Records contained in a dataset
((
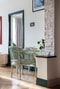 Kök - Innanför halvan ligger köket som går i stilrena val med vita skåpsluckor med rostfria beslag, vitt fasat kakel samt grå bänkskiva. Köket har vitvaror enligt följande: induktionshäll (Siemens 2015), ugn och kolfilterfläkt (Gorenje 2015), kyl/frys samt diskmaskin som är utbytt 2025. Plats för matbord för 3-4 personer. Furugolvet är lagt 2025 och väggarna är målade i ljusgrön nyans.
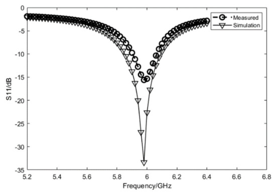 The microstrip arrayed antenna was tested using a vector network analyzer (R&S ZNC). The frequency responses obtained from the simulation and experimental measurements are shown in Figure 15. The return loss of the antenna array at 6 GHz was measured to be -15.6 dB. The return loss in the bandwidth from 5.85 to 6.1 GHz was measured to be -10 dB. This value satisfies the performance requirements. As shown in the simulation and experimental results, the working frequency of the antenna is almost consistent with the original design. This feature indicates a highly accurate dimension of the antenna units during the printing process. The reduction in the return loss may be attributed to insufficient precision when printing extremely thin microstrip lines. This deficiency results in a small loss in the feed network. The difference between the simulation and the measurement results may be caused by the non-uniform thickness of the conductive pattern induced by the flow of the printing liquid.
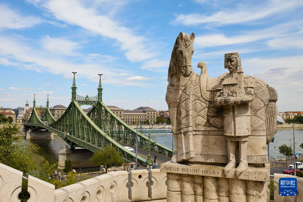 匈牙利布达佩斯的伊什特万一世雕像和自由桥(2022年6月23日摄)。新华社记者 孟鼎博 摄
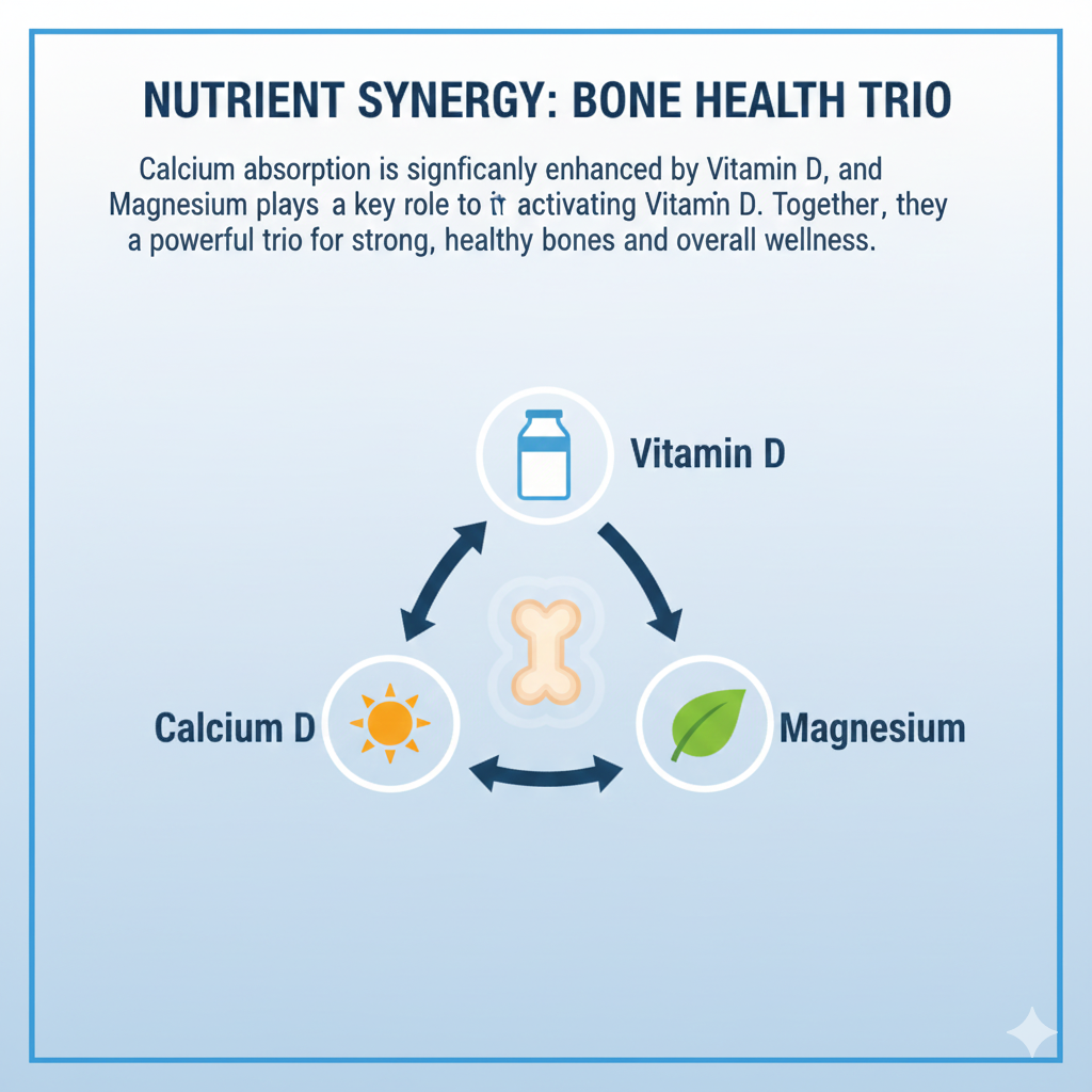 - 칼슘 + 비타민D + 마그네슘: 뼈 건강 3총사로 서로의 흡수율을 높입니다.
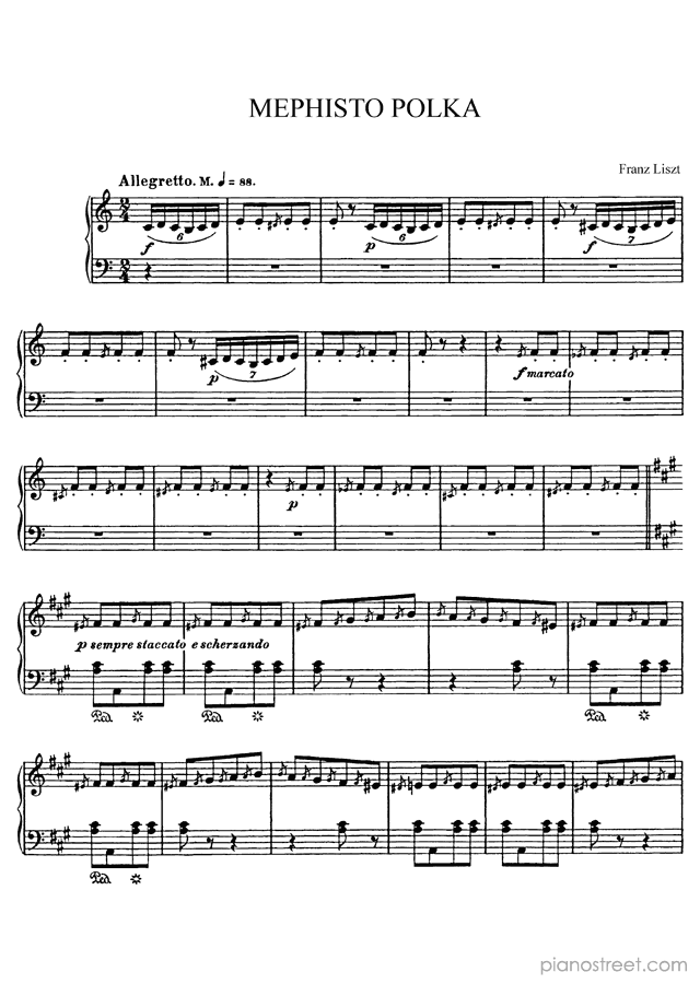 Franz Liszt: Mephisto polka S. 217 in F-sharp Minor - piano sheet music to print instantly. This piece is level 8+ and was composed during the Early Romantic period.
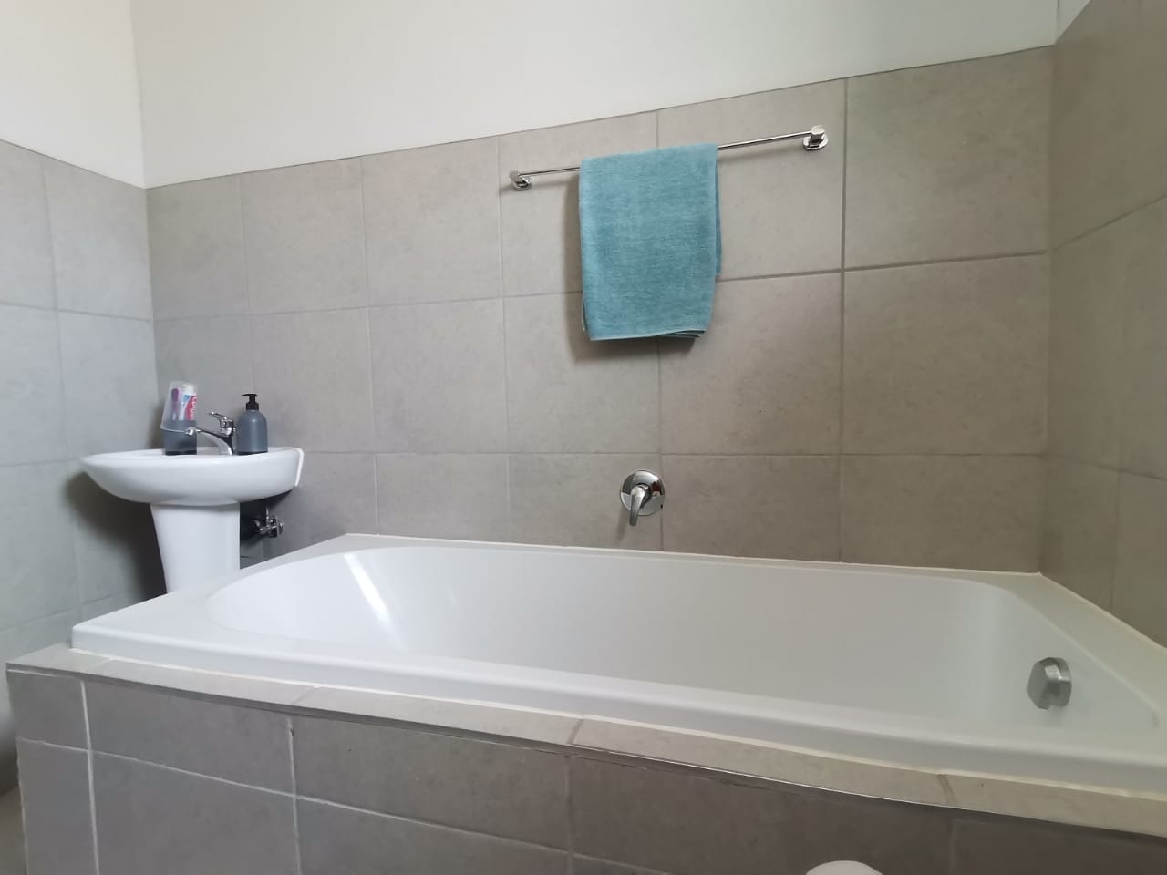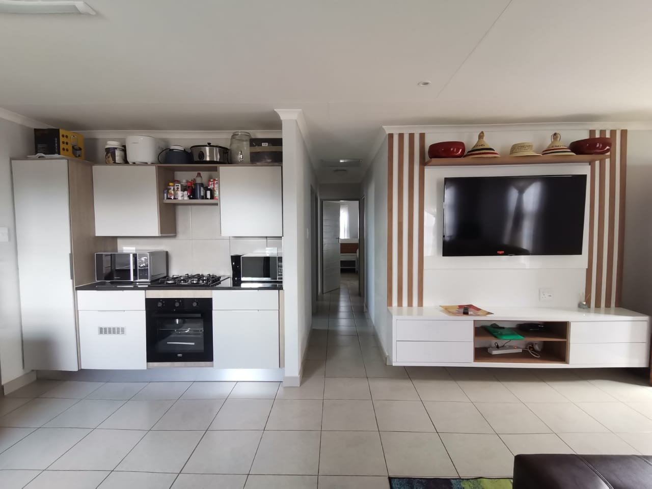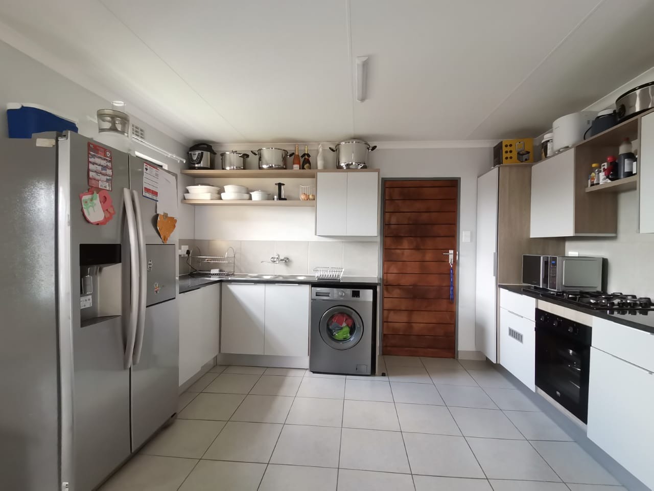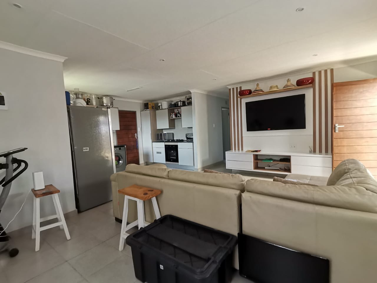 The outside has a carport and good size yard. The estate has strict security measures in place and a 24h Guard at the entrance. The estate has sport park facilities for kids and adults alike to enjoy the outdoors. water and electricity are pre-paid.
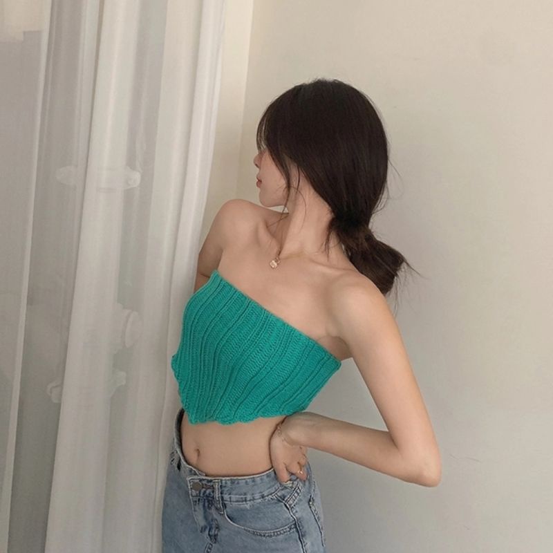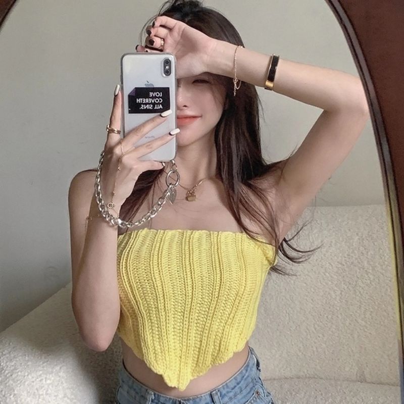 JJ Shop💜พร้อมส่ง เกาะอกถักไหมพรม ทรงสามเหลี่ยมสุดเก๋ "E203" -N
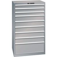 Dielenské zásuvkové skrine LISTA, 9 zásuviek = 3x100mm +5x150 +1x300mm, nosnosť zásuvky 200kg, 870x725x1450mm
))
- **About this exercise**
Write out the records above exactly as they stand, leaving out every picture.

- **Written solution**
 Kök - Innanför halvan ligger köket som går i stilrena val med vita skåpsluckor med rostfria beslag, vitt fasat kakel samt grå bänkskiva. Köket har vitvaror enligt följande: induktionshäll (Siemens 2015), ugn och kolfilterfläkt (Gorenje 2015), kyl/frys samt diskmaskin som är utbytt 2025. Plats för matbord för 3-4 personer. Furugolvet är lagt 2025 och väggarna är målade i ljusgrön nyans.
 The microstrip arrayed antenna was tested using a vector network analyzer (R&S ZNC). The frequency responses obtained from the simulation and experimental measurements are shown in Figure 15. The return loss of the antenna array at 6 GHz was measured to be -15.6 dB. The return loss in the bandwidth from 5.85 to 6.1 GHz was measured to be -10 dB. This value satisfies the performance requirements. As shown in the simulation and experimental results, the working frequency of the antenna is almost consistent with the original design. This feature indicates a highly accurate dimension of the antenna units during the printing process. The reduction in the return loss may be attributed to insufficient precision when printing extremely thin microstrip lines. This deficiency results in a small loss in the feed network. The difference between the simulation and the measurement results may be caused by the non-uniform thickness of the conductive pattern induced by the flow of the printing liquid.
 匈牙利布达佩斯的伊什特万一世雕像和自由桥(2022年6月23日摄)。新华社记者 孟鼎博 摄
 - 칼슘 + 비타민D + 마그네슘: 뼈 건강 3총사로 서로의 흡수율을 높입니다.
 Franz Liszt: Mephisto polka S. 217 in F-sharp Minor - piano sheet music to print instantly. This piece is level 8+ and was composed during the Early Romantic period.
 The outside has a carport and good size yard. The estate has strict security measures in place and a 24h Guard at the entrance. The estate has sport park facilities for kids and adults alike to enjoy the outdoors. water and electricity are pre-paid.
 JJ Shop💜พร้อมส่ง เกาะอกถักไหมพรม ทรงสามเหลี่ยมสุดเก๋ "E203" -N
 Dielenské zásuvkové skrine LISTA, 9 zásuviek = 3x100mm +5x150 +1x300mm, nosnosť zásuvky 200kg, 870x725x1450mm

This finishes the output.